Description: The Android client receives locations of beacons thanks to the subscribe method. It uses the OSMDroid API tu display the items on a map.

Inputs: Beacons location as markers

Source: The server publishing the locations on the different topics.

Outputs: A map displaying every beacon

Destination: The Android smartphone

Action:

  • Rendering the beacons on the map by marking them in an overlay.


Non functional requirements:

Pre-condition: The positions are not ambiguous, not duplicated.

Post-condition: Every beacon has its representative figure on the screen

Side-effects:

3.7 Requirement 7 : Rendering user position on an indoor map

Function: using android GPS tools in order to display the position of the user on an indoor map.

Description: The Android client determine the coordinates of the user. It uses the openlevelup.net API which is an OSM API to display the position of the user on an indoor map.

Inputs: User coordinates

Source: Android GPS tools enable people to get located.

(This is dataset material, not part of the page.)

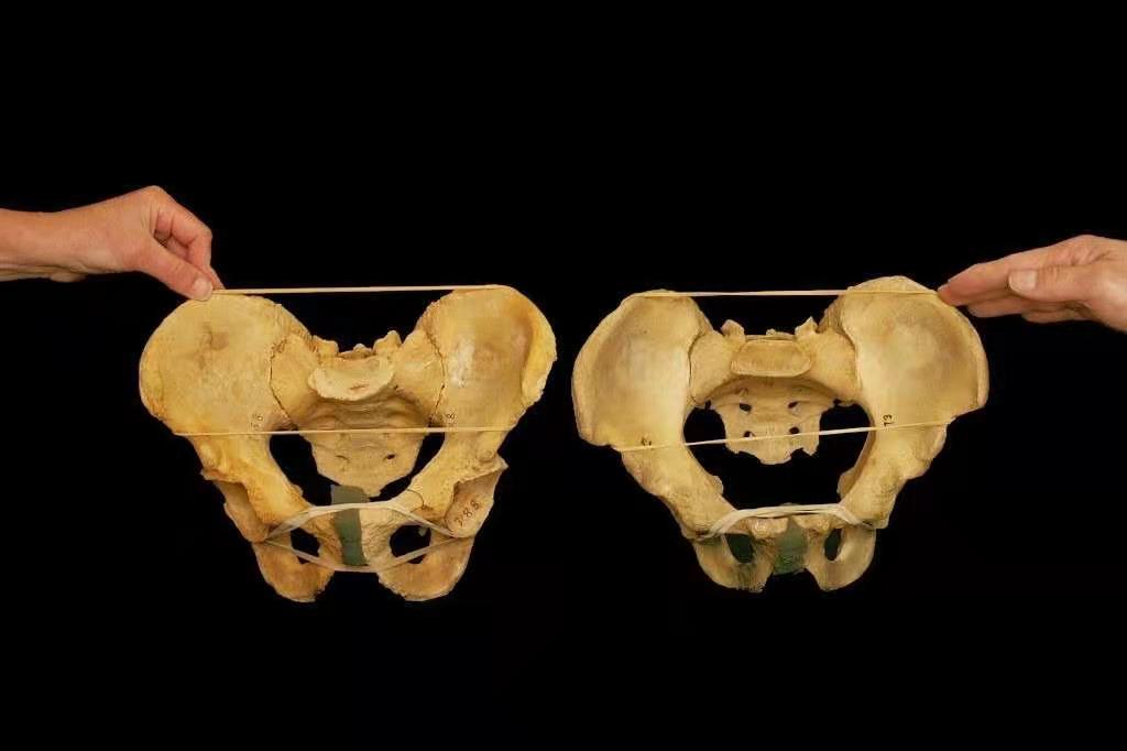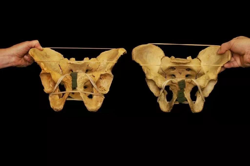 现在,我们从骨盆的正面再看一次这些图片:看到了吗?两边基座方向是不一样的!

Outputs: An "indoor" map made of custom tiles

Destination: The Android smartphone

Action:

  • Rendering the user on the map by marking him in an overlay.

functional requirements:

Pre-condition: User must have location enabled on his smartphone. Android app must have the right to enable user location.

Post-condition:

Non functional requirements:

Pre-condition: Map tiles are saved in the server, the android clients are connected to internet, enough points for the rendering of indoor maps

Post-condition:

Side-effects: distorted rendering if not enough points.

4. Product evolution

  • Having a better rendering of the map, more interactive
  • Using different detecting sensors and centrals
  • Improving the localisation (more precise)
  • Finding a way to putting up with signal mitigations
  • Ios portability